*** MATERIAL FOR THE TASK Section Begins ***

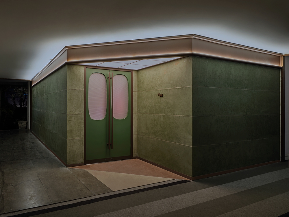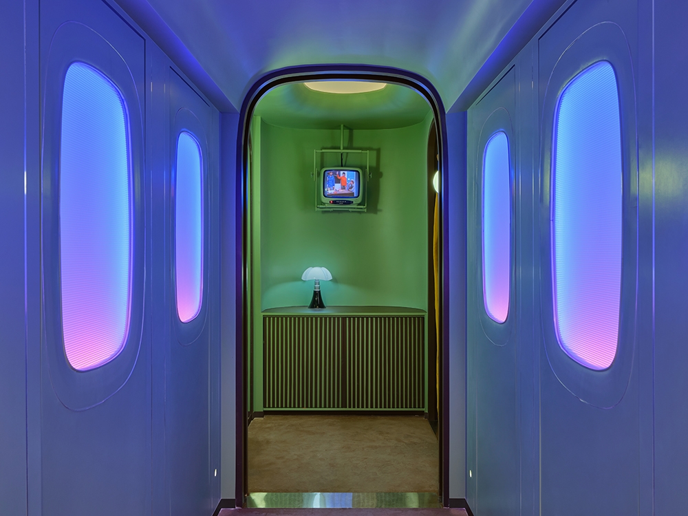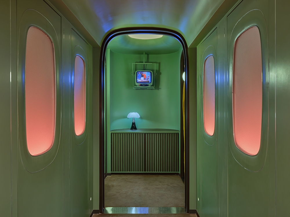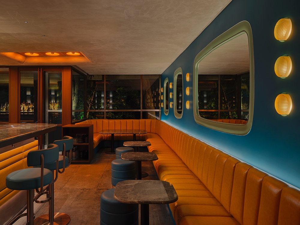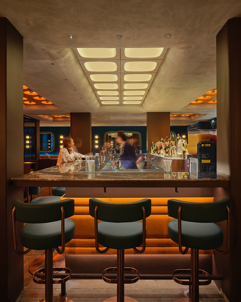 The bar's interior design encapsulates the spirit of the 1960s, drawing inspiration from Bauhaus, Modernism, Brutalism, and Postmodernism to craft a unique retro-futuristic ambiance. The entrance pathway, reminiscent of a '60s cinema with high-gloss, retro-styled TVs, serves as a time portal for patrons, leading them into an interactive environment. The bar layout promotes engagement, allowing customers to observe and interact with mixologists, fostering a convivial atmosphere. Seating arrangements cater to both individual patrons and larger groups, encouraging socialization. The design melds textured concrete and a color palette inspired by brutalism with lively orange-green hues from postmodernism, creating a playful yet raw vibe. Lighting is a key feature, with acrylic and frosted glass diffusing light for a contemporary touch, while retro chromed bulbs offer controlled illumination. The décor integrates shapes from '60s televisions into the bar's architecture, with curved forms and innovative geometries that are both nostalgic and avant-garde.
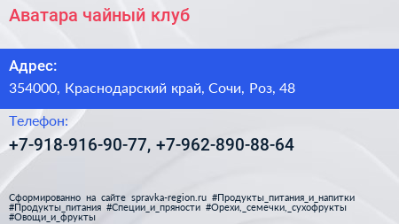Аватара, чайный клуб по адресу 354000, Краснодарский край, Сочи, Роз, 48 в дальнейшем Организация, размещена в следующих категориях:
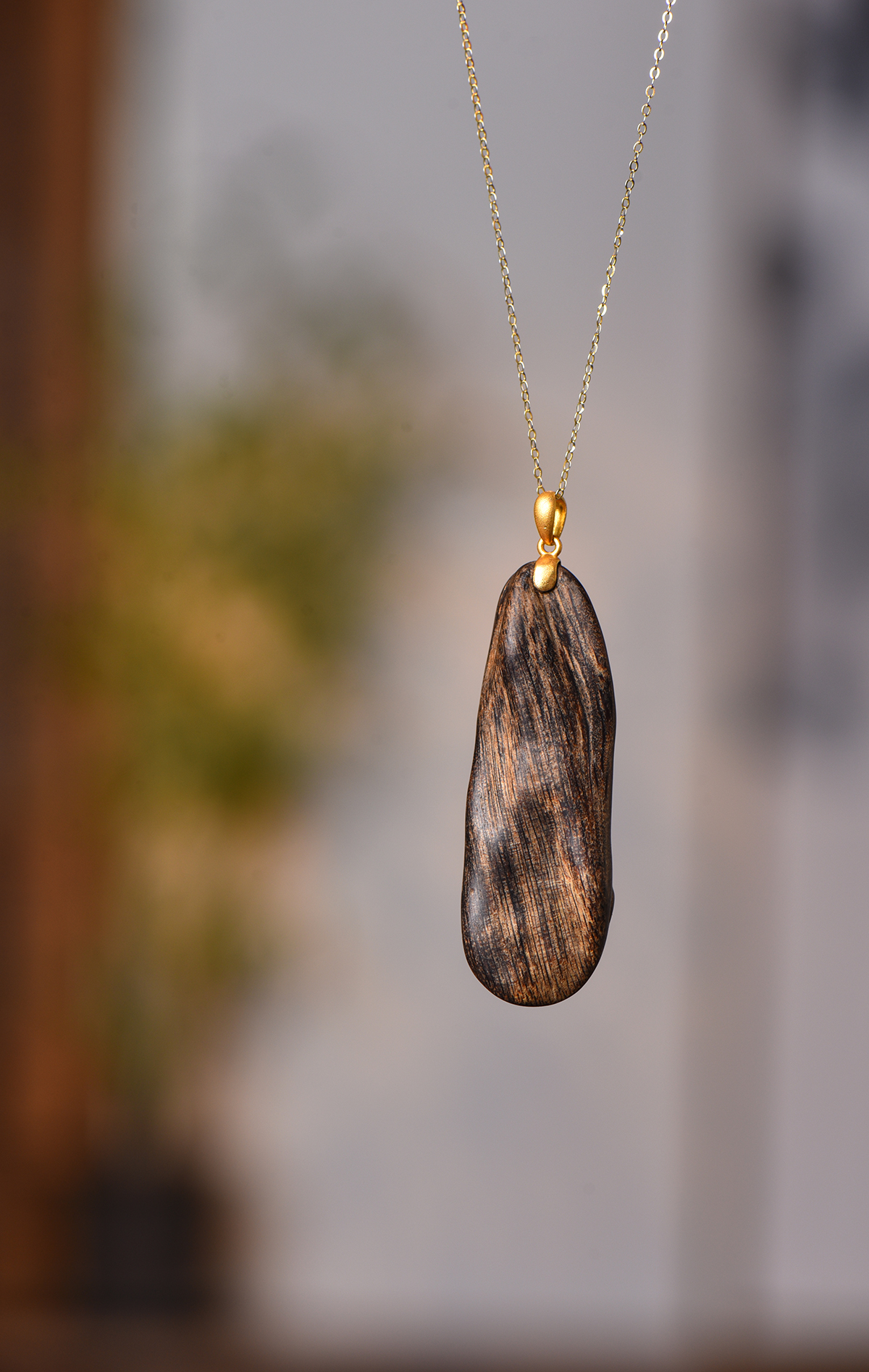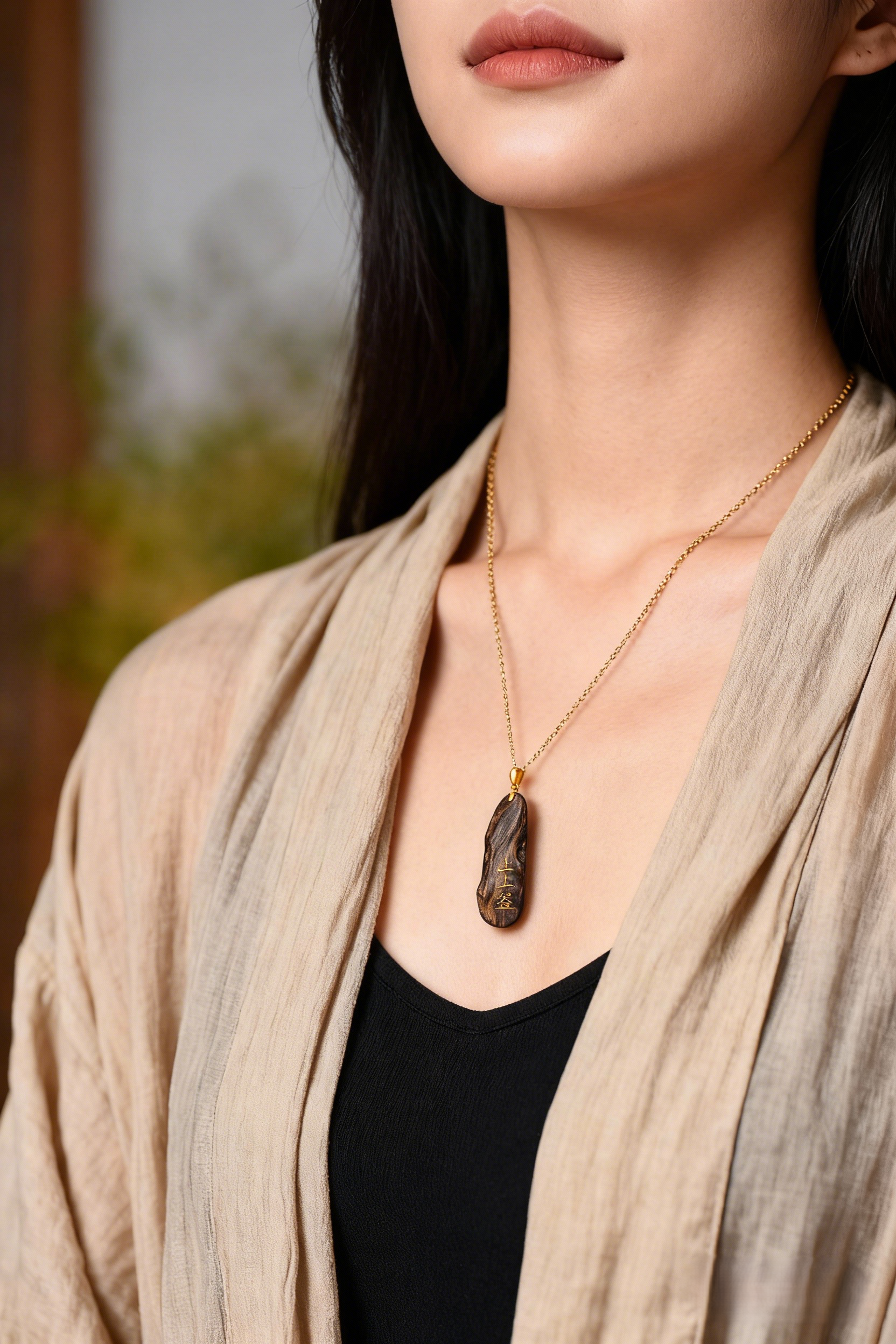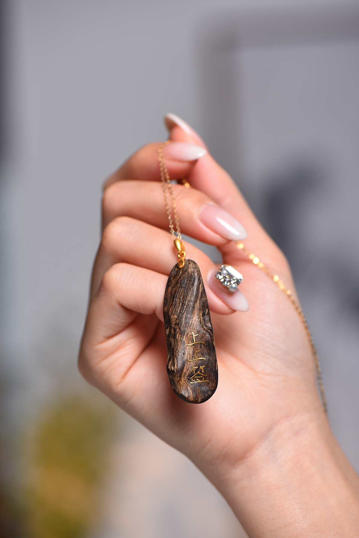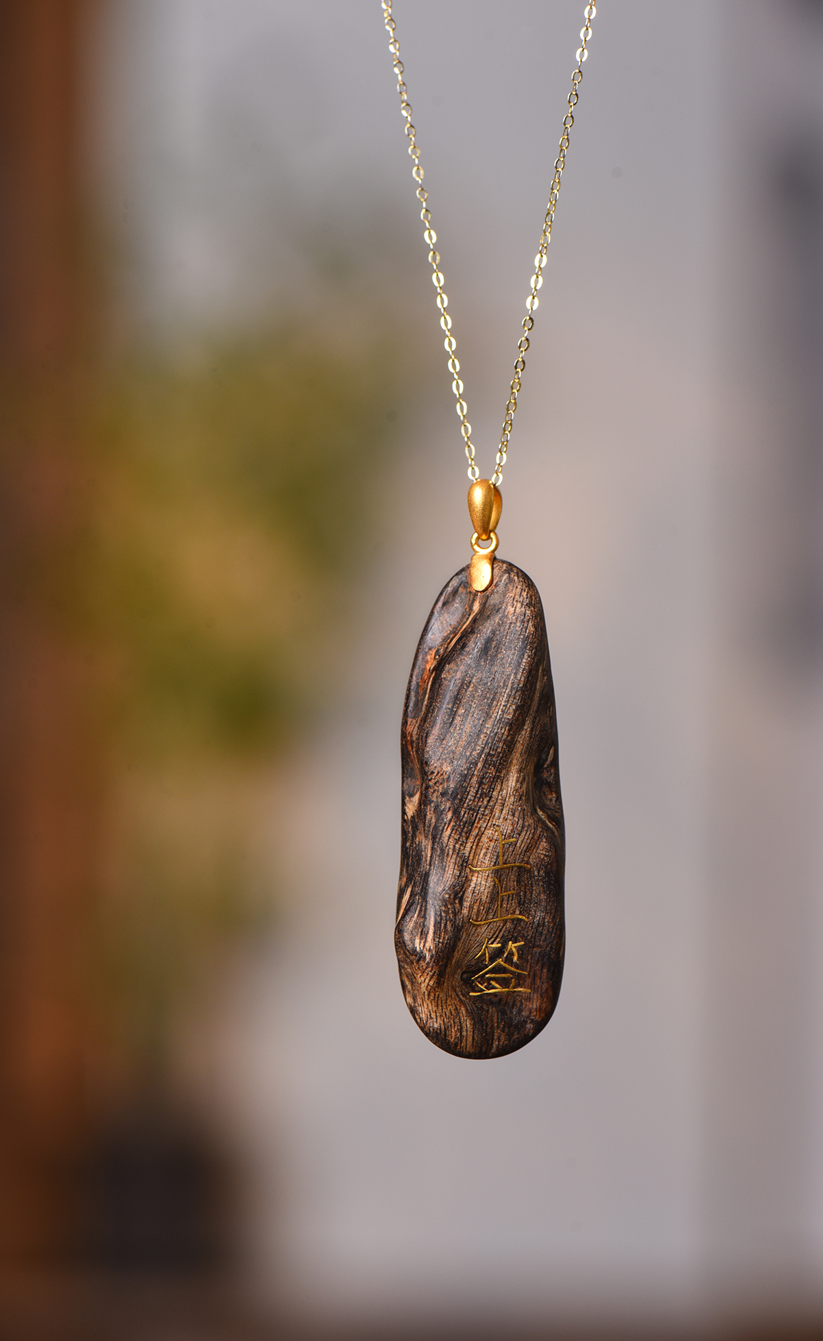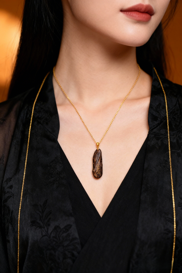 沉香随形原材的天然纹路为基底(保留油脂、疤结的岁月质感),错金呈现 “上上签” 文字符号 ——“随形” 是对自然的敬畏。
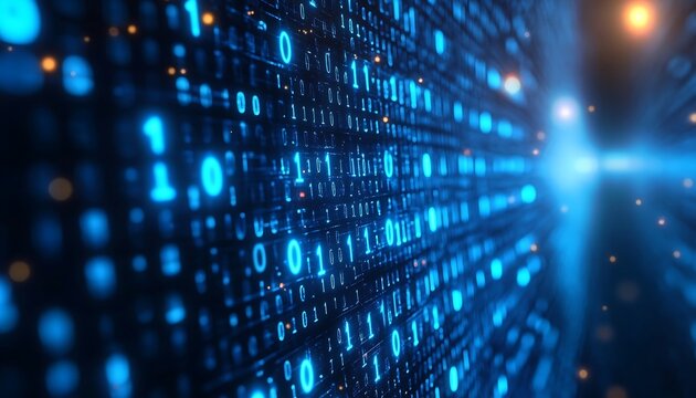 Glowing blue dots and binary code flow across a dark background, suggesting data processing
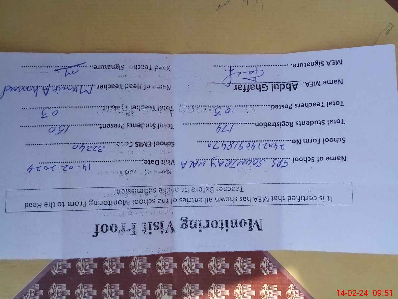 | EMIS Code: 32340107 | Name of School: GPS SONTRAY WALA | |||
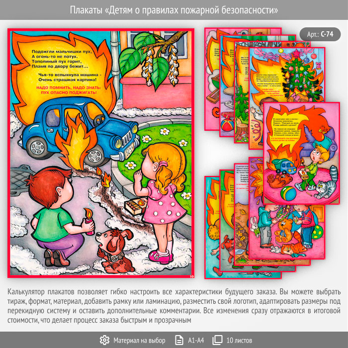 Комплект плакатов «Детям о правилах пожарной безопасности» из 10 листов – достойное качество и полезная информация по приемлемой цене. Разрабатываем макеты, создаем иллюстрации и изготавливаем плакаты на любую интересующую Вас тематику любых форматов на бумаге, самоклеящейся пленке, пластике, баннерной ткани и металле
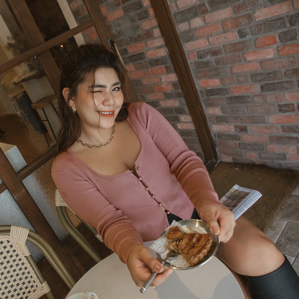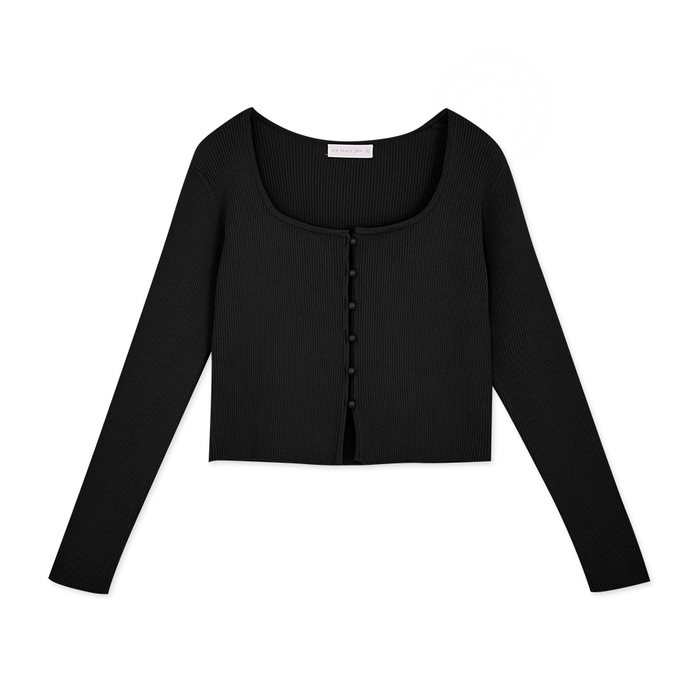 AIR SPACE PLUS 方領排釦短版針織上衣(紫/黑) 女裝 現貨 大尺碼 中大尺碼

*** MATERIAL FOR THE TASK Section Ends ***

§ **EXERCISE REQUIREMENTS**: Your answer should be the lines above, word for word, from the line with "Glowing blue dots" through the line with "ткани и металле", minus the pictures.

§ **ANSWER BELOW**:
 Glowing blue dots and binary code flow across a dark background, suggesting data processing
 | EMIS Code: 32340107 | Name of School: GPS SONTRAY WALA | |||
 Комплект плакатов «Детям о правилах пожарной безопасности» из 10 листов – достойное качество и полезная информация по приемлемой цене. Разрабатываем макеты, создаем иллюстрации и изготавливаем плакаты на любую интересующую Вас тематику любых форматов на бумаге, самоклеящейся пленке, пластике, баннерной ткани и металле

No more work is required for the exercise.